Baseline 55% 68% baseline VLD<VLP
3 min nadir 30% 47%
Wingate 60 nadir 31% 48%
Max difference 25% 21%
Day 2 - sensor position swap
360 watts x 3 min (max aerobic power or VO2 peak)
Wingate 60 (all out 60sec)
Although the baseline and amount of desaturation is different, the curve shapes and recovery are remarkably similar (again).
Baseline 66% 60% baseline VLD>VLP
3 min nadir 45% 39%
Wingate 60 nadir 42% 40%
Max difference 24% 21%
Points of interest:
- There was a change in comparative baseline saturation after the sensors were switched. Initially, I thought that the distal site had a lower baseline than the proximal, but that seems to be related to the sensor unit itself (despite the same brand). Ambient temps, skin thickness and external pressure were about the same. One of the sensors seems to have a higher baseline than the other, day 1 VLP sensor unit was used in day 2 VLD location (68 vs 66%).
- Absolute saturation change from baseline was similar at each site.
- Pattern of saturation drop, then slow rise was also similar.
- Despite the baseline numbers being quite different between sensor units, the "Max difference" (baseline minus nadir) was virtually identical on each day.
- Both Wingate 60 and a 3 minute VO2 max interval yielded similar nadir values at each individual location on a given day.
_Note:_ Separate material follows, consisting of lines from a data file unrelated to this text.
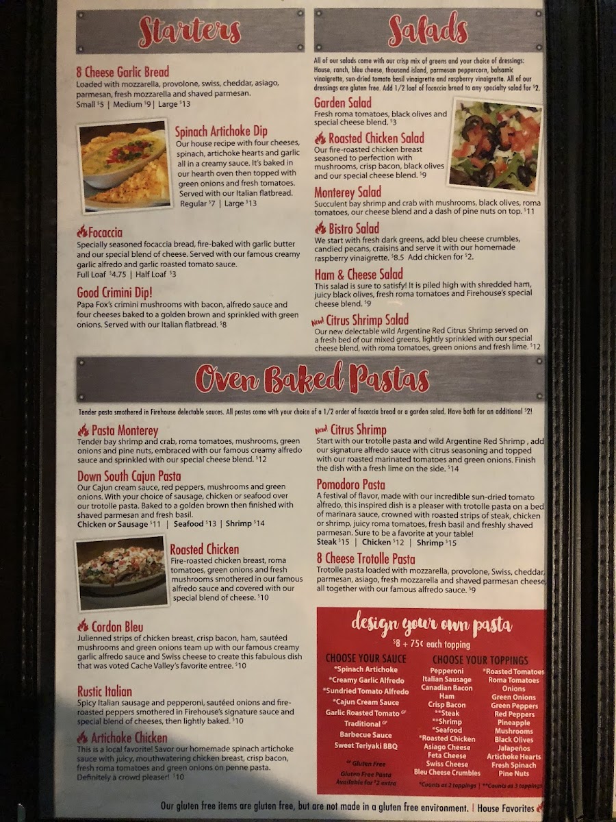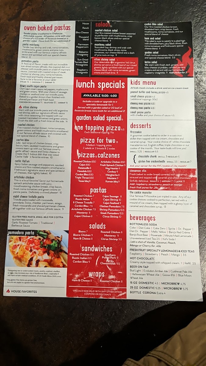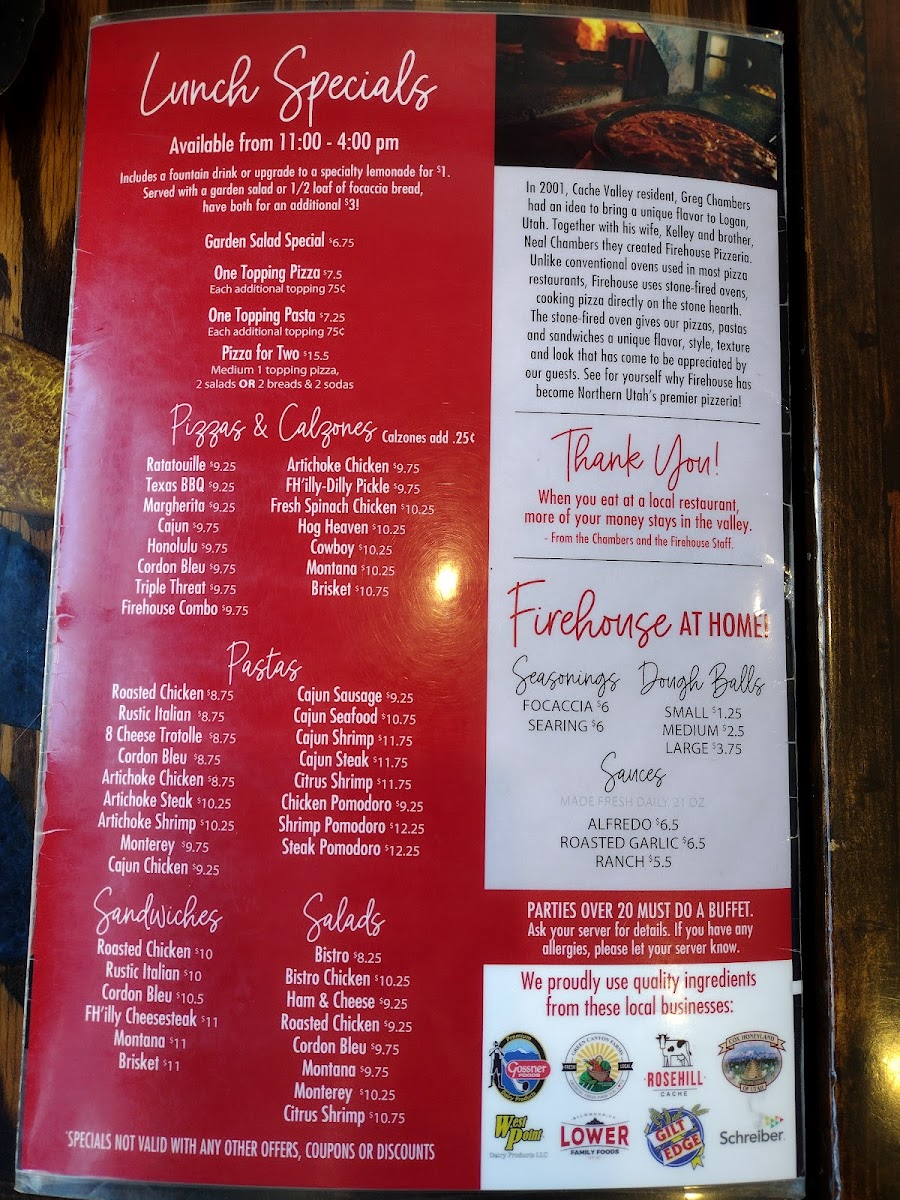 Welcome to Firehouse Pizzeria, located at 682 Main St, Logan, UT, where delectable flavors and comforting dishes take center stage. Our menu is a vibrant tribute to Italian cuisine, featuring a range of enticing lunch pastas such as the savory Chicken Pomodoro and indulgent Cajun Shrimp, all priced affordably. You can also enjoy our fantastic lunch specials, like a one-topping pizza that’s perfect for sharing or a delightful pasta lunch for an amazing value.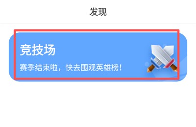 2、在"发现"页,点击蓝色的 "竞技场"卡片,进入竞技学习界面;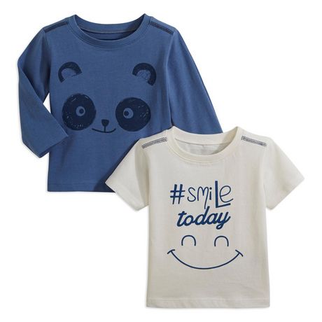 Lot de 2 tee-shirts bébé garçon : à porter en fonction de la météo, c'est pratique ! Agréables à porter. 100% coton. Col rond. 1 à manches courtes et 1 à manches longues. Imprimé fantaisie sur le devant. Jeu de surpiqûres au niveau des épaules. Il n'y a pas d'étiquette dans le cou pour un co

So the nadir at the VLP will be about the same during a Win 60 or 3 min VO2 max interval.
- The literature regarding monitoring muscle O2 for sprint and endurance performance is large and increasing.
- There are studies indicating that "breakpoints" in the desaturation curve may be indicative of physiologic thresholds of various kinds.
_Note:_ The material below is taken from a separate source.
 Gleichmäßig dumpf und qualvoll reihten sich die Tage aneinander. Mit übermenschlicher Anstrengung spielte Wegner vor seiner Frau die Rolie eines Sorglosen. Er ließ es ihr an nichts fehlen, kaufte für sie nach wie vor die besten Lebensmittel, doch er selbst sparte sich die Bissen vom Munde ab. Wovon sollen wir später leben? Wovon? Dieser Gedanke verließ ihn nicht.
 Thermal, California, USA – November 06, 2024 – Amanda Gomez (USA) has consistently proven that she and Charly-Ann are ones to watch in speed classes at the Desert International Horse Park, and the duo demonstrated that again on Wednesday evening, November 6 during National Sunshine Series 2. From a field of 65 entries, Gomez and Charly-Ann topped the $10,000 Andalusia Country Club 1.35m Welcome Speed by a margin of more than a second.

- However, there will be measurable differences in saturation depending not only on which muscle is chosen, but what part of it, the sensor is upon.
- Baseline values may differ at nearby locations of the same muscle group.
- Different sensor units may also show different baseline saturations.
- It seems however, that the absolute change in saturation (normalized from the baseline and nadir) as well as the pattern of change is similar within the muscle group. Other nearby muscles may recruit differently, so we can't assume their pattern will look similar. Either distal or proximal VL locations should show similar patterns and absolute degrees of desaturation.
- Since real time monitoring of a locomotor muscle can not normalize at a given site, it follows that using O2 saturation info as an "on the bike" threshold, training zone or race guide will be problematic. One may still be able to retrospectively glean valuable information however.
- Lastly, day to day, or longer term comparisons may also be of questionable value given the variation in sensor placement that is bound to occur. Multiple sensor units should also be directly compared and not assumed to be equal in data output.